You are browsing the archive for Oxford Open Science.

Content Mining: Scholarly Data Liberation Workshop

- December 14, 2013 in events, Oxford Open Science, Research, Tools

The November Oxford Open Science meeting brought over 20 researchers together for a ‘Content Mining: Scholarly Data Liberation Workshop’.

Iain Emsley and Peter Murray-Rust kicked off proceedings by presenting their work on mining Twitter and academic papers in chemistry and phylogenetics respectively.

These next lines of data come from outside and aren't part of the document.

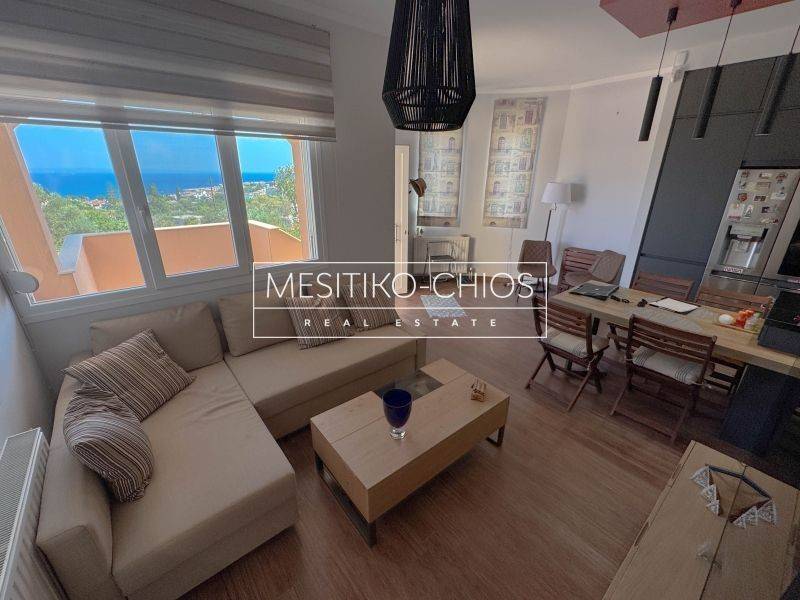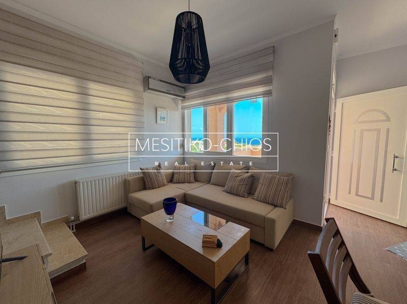 Η πρώτη μεζονέτα, κατασκευασμένη το 2004, διαθέτει έναν άνετο ενιαίο χώρο με κουζίνα, καθιστικό και τραπεζαρία, ένα WC επισκεπτών, δύο υπνοδωμάτια και ένα κυρίως μπάνιο. Είναι πλήρως επιπλωμένη και εξοπλισμένη, διαθέτει αυτόνομη θέρμανση πετρελαίου, κλιματισμό και μπαλκόνια με απεριόριστη θέα. Προσφέρει ήδη εγγυημένο μηνιαίο εισόδημα 600€, καθώς είναι μισθωμένη.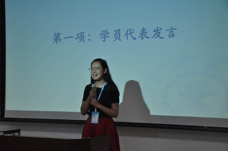 在第一个环节,来自吉林大学的博士生王佳珩作为学员代表上台发言。她激动地讲到,近年来随着社会学量化分析的学术动态,越来越多的高校在暑期都相继开设研究方法相关的课程,并且同样也面向全国高校的师生。西安交通大学实证社会科学研究所的暑期班是其中的一股清流,不仅在九年前就开设了相关课程,而且也是最具良心和最具有性价比的研修班。她认为在这短短的20天中似乎有了当年备战高考的状态,每天早出晚归,每天都有感悟,每天都有收获。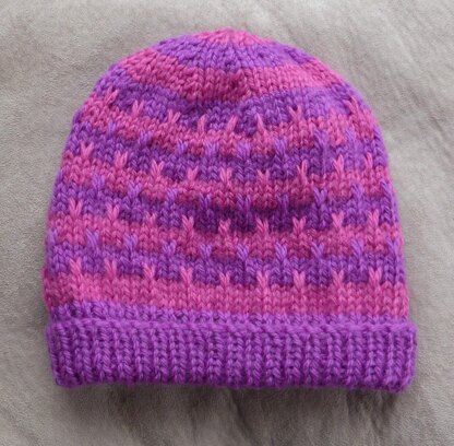 This quick knit 12ply beanie has a 1x1 rib turned up brim then is worked in an easy striped, slip stitch pattern.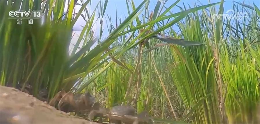 除了這群開心干活的鴨子,記者在稻田里還看到了螃蟹的身影,王千士說,起初稻田里最先養(yǎng)的是螃蟹,他想著利用螃蟹吃草吃蟲??墒屡c愿違,放進稻田的螃蟹犯了懶,躲進水里不干活,原來是螃蟹在邊溝里待著太舒服。第二年,王千士根據(jù)專家建議把溝挖深,同步養(yǎng)起了魚,螃蟹為了防止魚傷害自己,一個個從邊溝爬出來,進入稻田之中。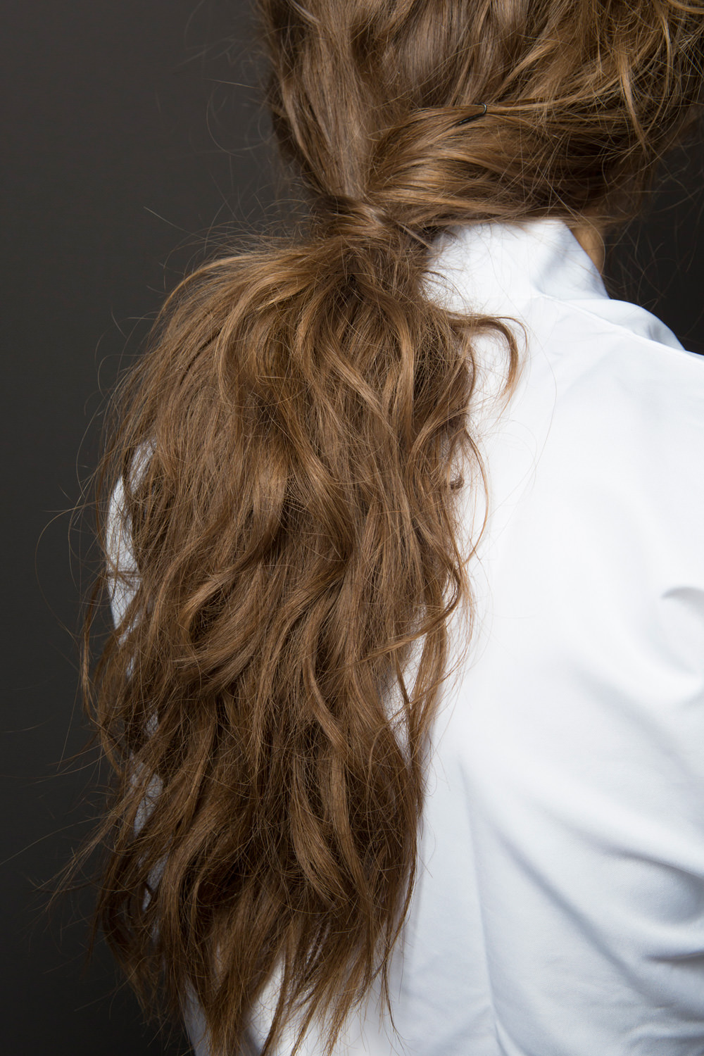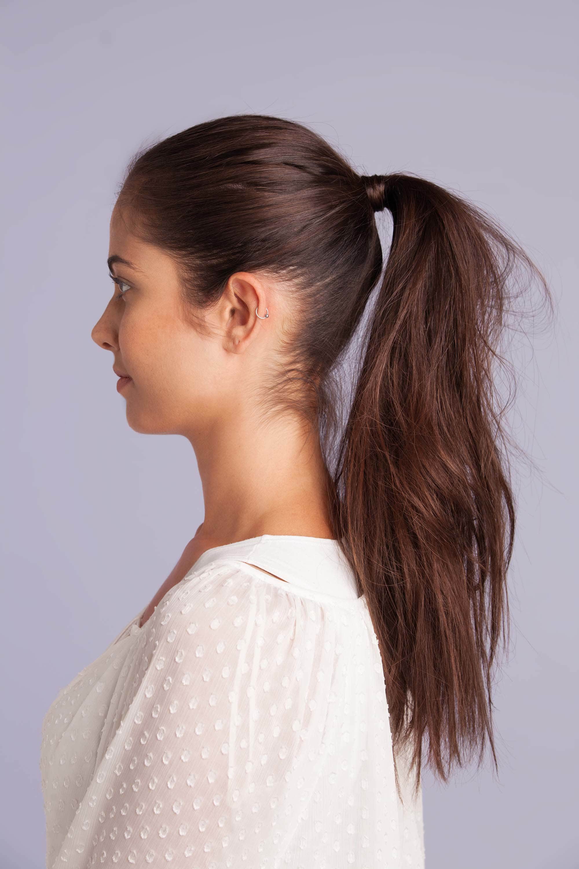 - Gather a regular tail. Then pass the tail through the “donut” hole in the same way as through the rubber band.
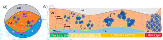 The formation of technogenic gas hydrate deposits in a water–oil–gas dispersed medium is mainly a three-stage process: (i) hydrate nucleation; (ii) hydrate crystal growth and agglomeration; (iii) formation of a hydrate plug and blocking of the flow line, which can lead to a complete blockage of the processing pipeline (Figure 3).
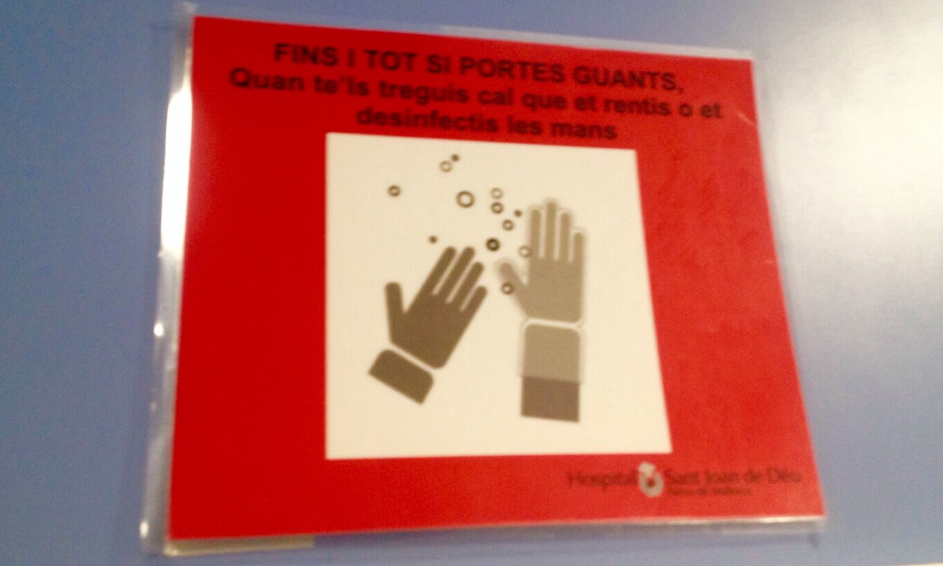 Vet aquí un cartell que hem trobat a s’Hospital de Sant Joan de Déu de Palma però que podríem trobar a la Vall d’Hebron o a s’Hospital de Sant Pau de Barcelona. Talment. Està escrit en un barceloní estricte, sense cap concessió a ses modalitats insulars que defensen es nostro Estatut i sa Llei de Normalisació lingüística (1986). Cap ni una. Barceloní de cap a peus. Efectivament, es lèxic es ben continental (portes en lloc de dus) i s’estructura sintàctica també: cal que se podria adaptar com és necessari que (o convé que). I encara que “treure-se” i “llevar-se” una peça de roba són equivalents, a Mallorca solem dir “llevar-se es guants”, no “treure-se es guants”. Morfològicament, veim també que s’empra es pronom feble “et” i sa combinació pronominal “te’ls” quan en mallorquí mos estimam més dir “te” i “els te”, es canvi d’orde des complement directe i indirecte que només feim a Mallorca i que està en desús perquè s’està perdent entre sa jovenea. Finalment, clar, s’article salat no compareix per enlloc.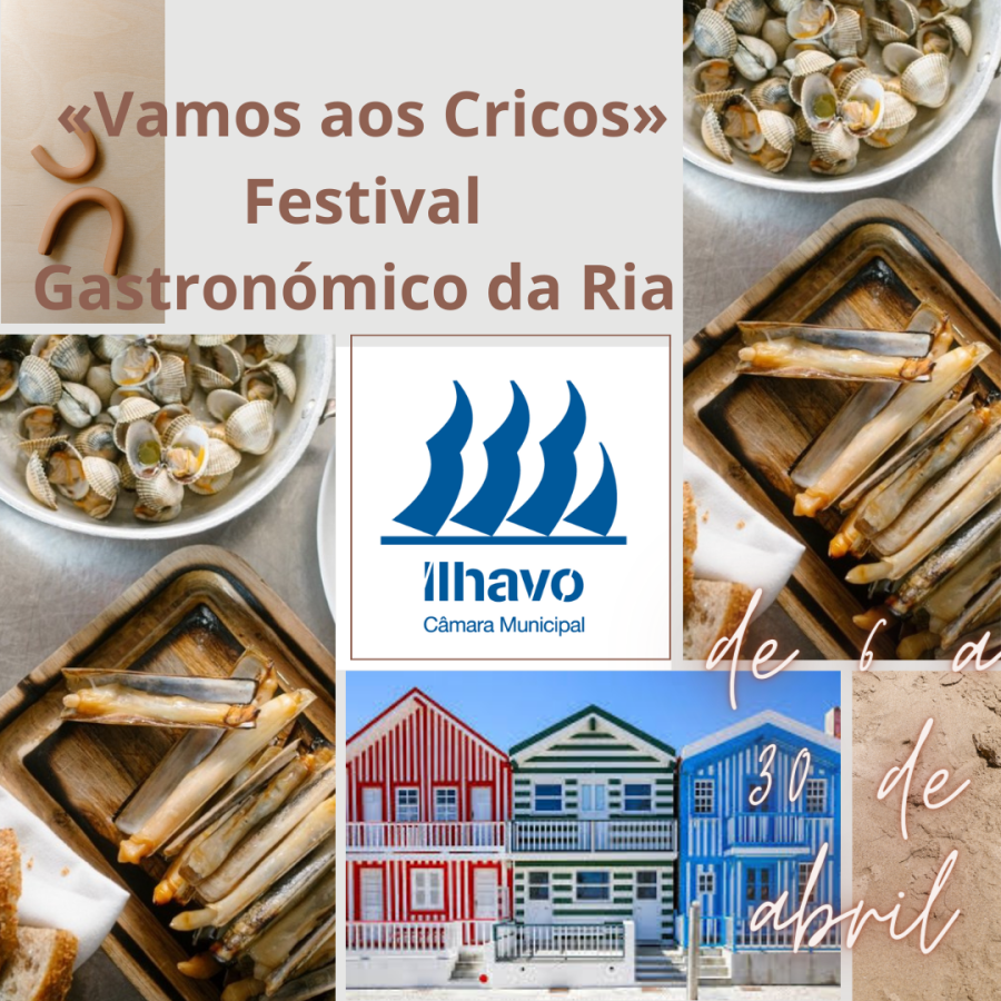 “Vamos aos Cricos” ou dito de outro modo é um Festival Gastronómico dos Bivalves da Ria de Aveiro… O objectivo é a promoção da gastronomia local, baseada nesses bivalves que têm origem também local, na ria de Aveiro mais precisamente e que “mãos sábias ” preparam como ninguém como petisco ou prato para prazer e degustação por parte de quem o queira fazer, vindo à restauração de Ilhavo .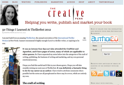 Aqui ficam as melhores 50 dicas do "Thrillerfest 2012" em Nova York, gentilmente partilhadas pela Joanna Penn do Blog "The Creative Penn"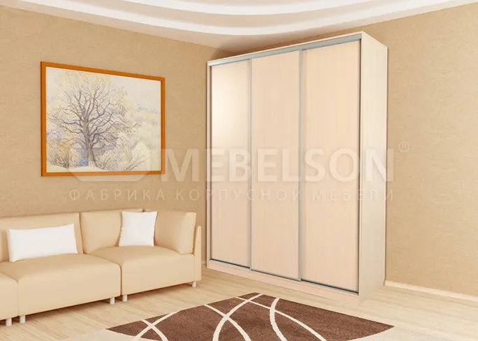 В шкафу есть верхние полки для крупногабаритных вещей. Двери-купе в рамочном стальном профиле. Шкаф-купе «Бассо» отлично будет смотреться в гостиной, спальне, детской и прихожей.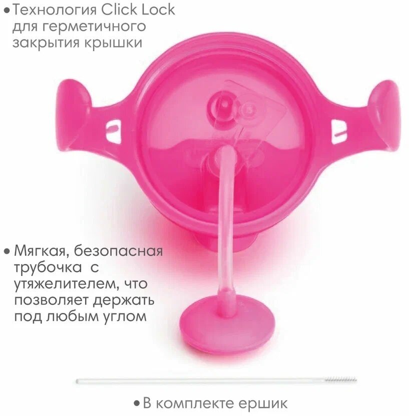 Munchkin поильник Click Lock с трубочкой и ручками Розовый 207 мл. 6+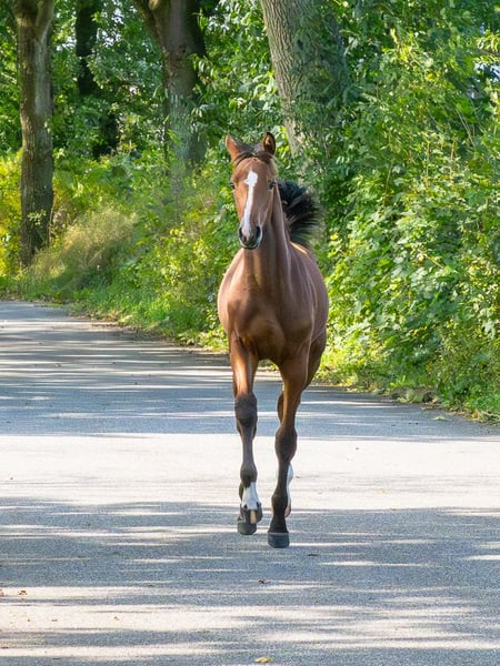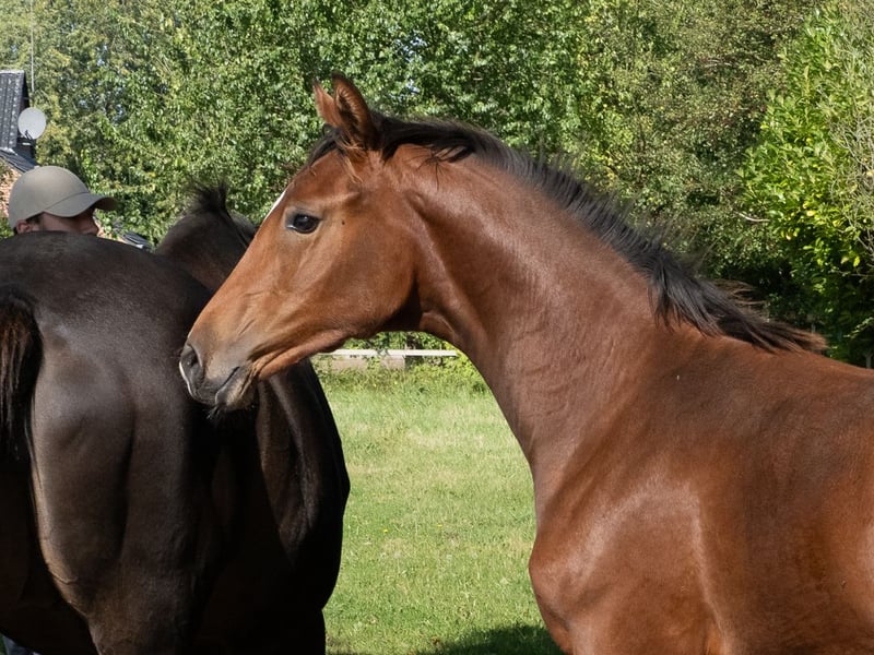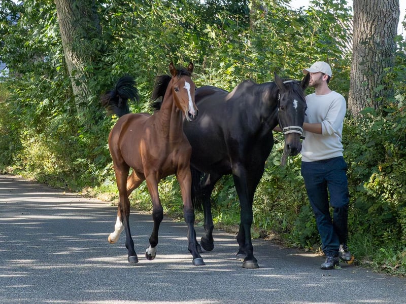Karla ist ein schickes Fohlen vom Holsteiner Hengst Keaton aus einer Mutter vom Ausnahmevererber Diamant de Semilly. Zwei Vollgeschwister zur Mutter sind erfolgreich in 1,45m Springen gegangen. Das Fohlen ist menschenbezogen und lieb im Umgang.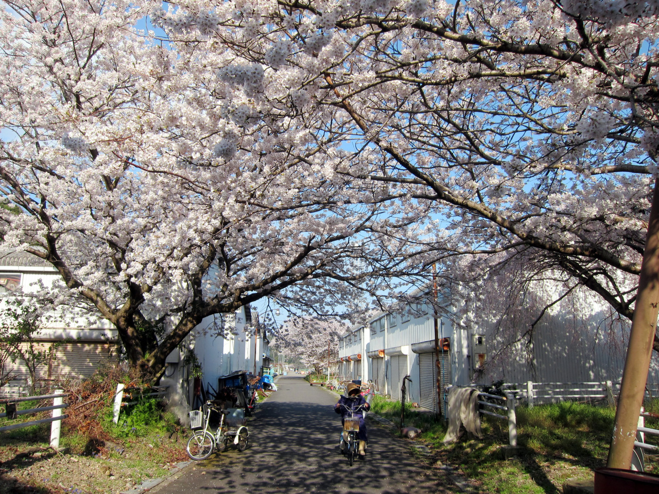 春になると防波堤沿いの湖岸の桜並木が島を美しく彩ります。島の西側には遊歩道が整備されているので、満開の桜並木の下を散策するのもおすすめ。車は走っていないので、安心してゆったりとした気分で散策できます。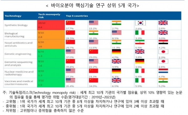 바이오 분야 핵심 기술 연구 상위 5개 국가 분석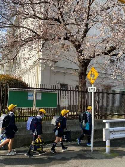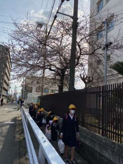 新たに最高学年となる5年生の班長さんを中心に子どもたちが集団登校してきました。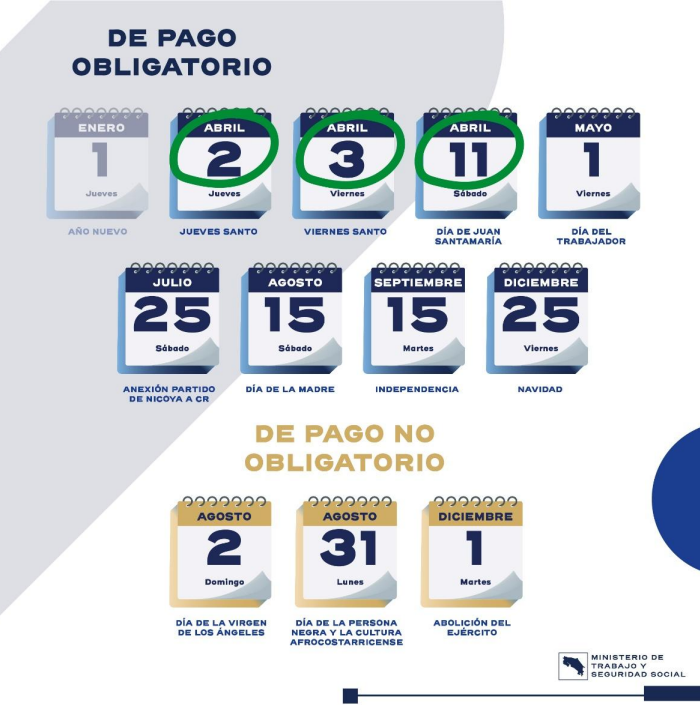 En las próximas dos semanas, Costa Rica tendrá tres días feriados de pago obligatorio, de acuerdo con lo establecido en el artículo 148 del Código de Trabajo. Se trata del Jueves y Viernes Santos —2 y 3 de abril, respectivamente— y el sábado 11 de abril, fecha en que se conmemora la gesta heroica de Juan Santamaría.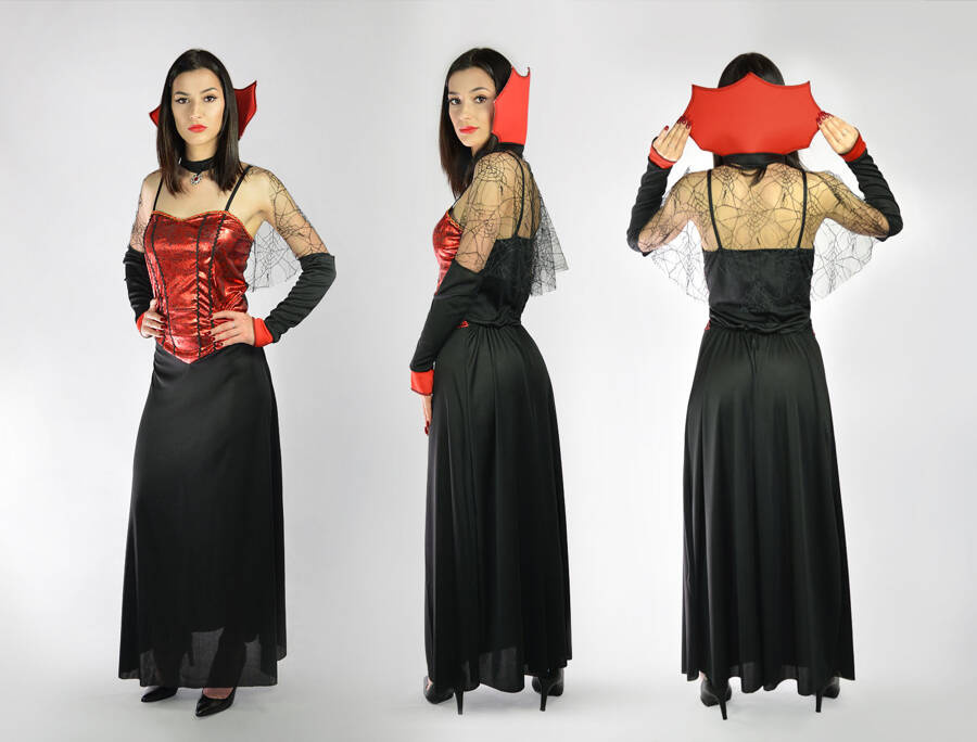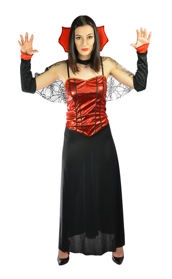 - Zestaw zawiera długą sukienkę na ramiączkach oraz efektowny kołnierz z rękawami. Ta czarna suknia z czerwonym gorsetem i kołnierzem z pajęczyną to wspaniała opcja na nietypowy strój imprezowy.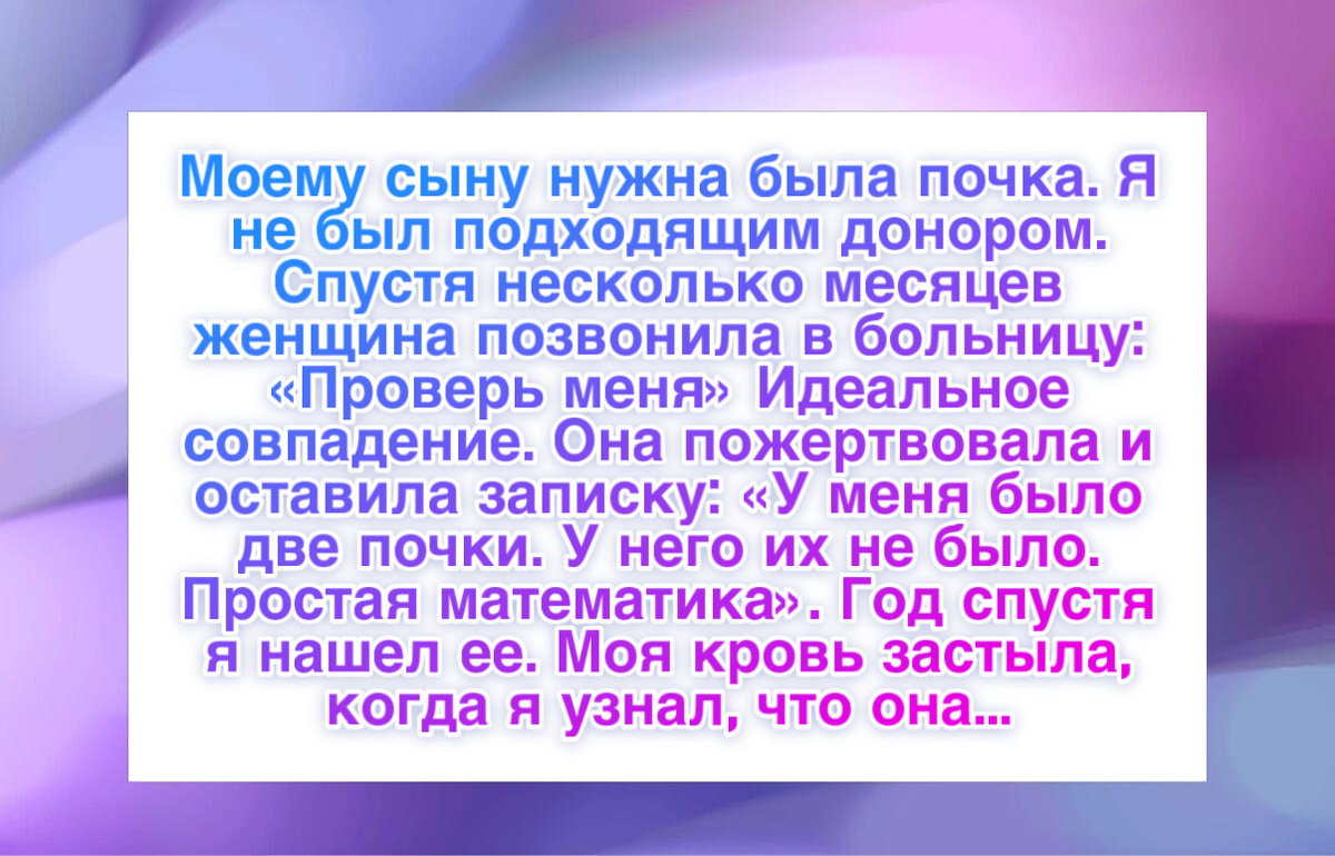 “Моему сыну нужна была почка. Я не подошел как донор, никто из семьи тоже. Мы написали в интернете, но месяцами никто не откликался. Потом одна женщина из другого конца страны позвонила в больницу и сказала, чтобы проверили ее. Она идеально подошла. Она прилетела, отдала почку и уехала, даже не оставив имени. Только записку: «У меня было две, у него не было ни одной. Математика простая». Через год я нашел ее и узнал, что она мать одиночка с тремя детьми и работает на двух работах. Она увидела наш пост и не смогла спать ночью. Она взяла отпуск за свой счет, прилетела и спасла моего сына. Она сказала, что когда ее сыну было шесть лет, ему тоже сделали пересадку, и его спас незнакомый человек. Она ждала двенадцать лет, чтобы вернуть этот долг миру.”

Next we tried out web-based tools such as Tabula for extracting tables from PDF (we were fortunate enough to have Manuel Aristarán of Tabula joining us remotely via Skype) and ChemicalTagger for tagging and parsing experimental sections in chemistry articles.

OOS

We then got down to business with some hands-on extraction of species from HTML papers and mentions of books on Twitter using regular expressions. All code is open source so you are welcome and encouraged to play, fork and reuse!

Peter’s tutorial and code to extract species from papers can be found on bitbucket and the relevant software and command line tools have helpfully been bundled into a downloadable package. Iain has also documented his flask application for Twitter mining on github so have a go!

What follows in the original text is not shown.